Der Bürgermeister wies in dem Schreiben auch darauf hin, dass die Augustdorfer Einwohner durchschnittlich eines der niedrigsten verfügbaren Einkommen pro Kopf in ganz NRW verzeichnet. Wenn nun Defizite, die auf stetig steigenden Soziallasten beruhen, dadurch kompensiert werden sollen, dass einkommensschwache Personen mehr Steuern zahlen (Grundsteuer B), dann sei das die Umkehrung des Sozialstaatsprinzips. Außerdem erläuterte Dr. Wulf, dass Augustdorf die vom Altersdurchschnitt her jüngste und die kinderreichste Kommune in NRW ist. Familienexperten betonten immer wieder, dass gerade kinderreiche Familien dringend eine Entlastung benötigen. Kinderreiche Familien leiden überproportional unter verbrauchsabhängigen Kostensteigerungen wie z.B. der Erhöhung der Mehrwertsteuer oder den steigenden Abgaben auf Energie. Eine Erhöhung der Grundsteuer B oder von anderen Gebühren wäre nicht nur allgemein sozialpolitisch, sondern auch vom familienpolitischen äußerst kontraproduktiv. Schließlich wies Dr. Wulf auf den im Koalitionsvertrag formulierten Grundsatz allen politischen Handelns der Koalitionspartner hin, der lautet: „Wer bestellt, bezahlt.“

Auf den ersten Brief erhielt der Dr. Wulf keine Antwort. Daher schrieb er am 04.09.2018 erneut an die Bundeskanzlerin und bat insbesondere um eine angemessene Finanzierung für abgelehnte, aber geduldete Asylbewerber. Die Kosten für diese wachsende Personengruppe tragen derzeit die Kommunen ab dem vierten Monat nach Ablehnung des Asylantrags. Der Bürgermeister bezog sich in dem zweiten Brief auf Presseberichte , nach denen der Bund eine Rücklage von 24 Mrd. Euro für die Bewältigung der Flüchtlingskrise zurückgelegt und in der ersten Hälfte des laufenden  Jahres einen Überschuss von 19,5 Mio. Euro erzielt habe. Gleichzeitig  erwartet die Gemeinde Augustdorf einen Fehlbetrag von mindestens 1,55 Mio. Euro, der zum Teil auch auf erheblichen Steigerungen bei dem Fehlbetrag des Produkts ‚Leistungen für Asylbewerber‘ beruhe.

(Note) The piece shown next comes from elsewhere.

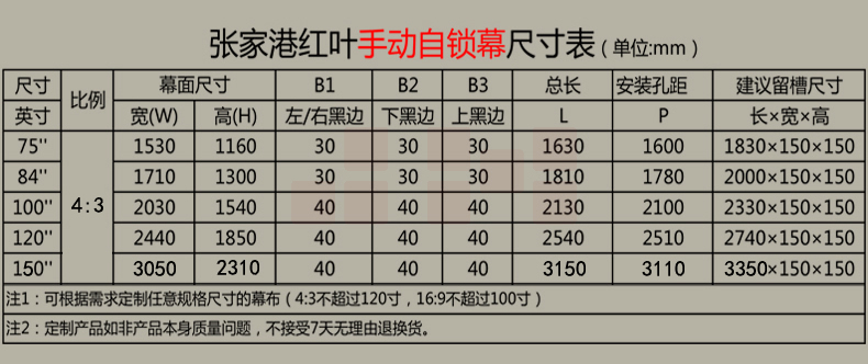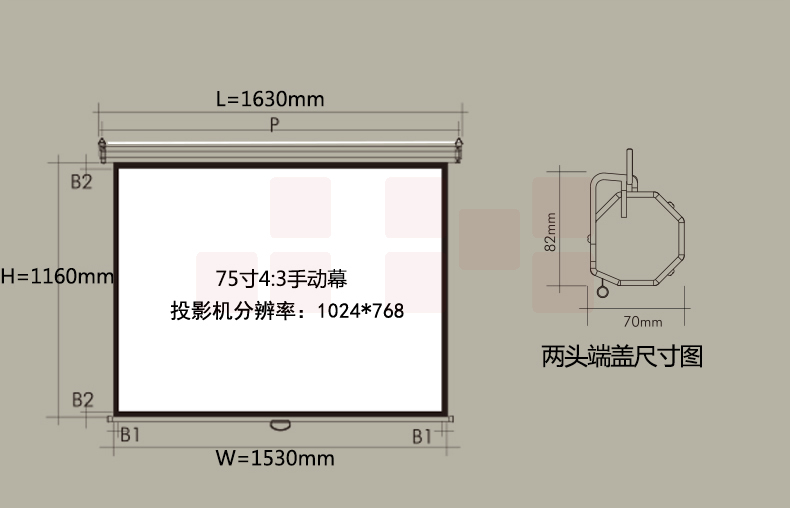 质保一年 好品质 影院视效 高清大屏 办公商用 家庭影院 手动自锁投影幕75寸4:3玻珠 白塑幕布 1.53*1.16

Auf diesen Brief gab es dann eine Antwort aus dem Bundeskanzleramt. Darin führt ein Referatsleiter aus, was die Bundesregierung getan hat, um Land und Kommunen zu entlasten. Weiterhin wird drauf verwiesen, dass die Länder gefordert sind, die Finanzausstattung ihrer Kommunen aufgabengerecht auszugestalten. Vor diesem Hintergrund empfiehlt das Bundeskanzleramt, dass Augustdorf sich an den Kreis Lippe bzw. an das Land NRW wendet.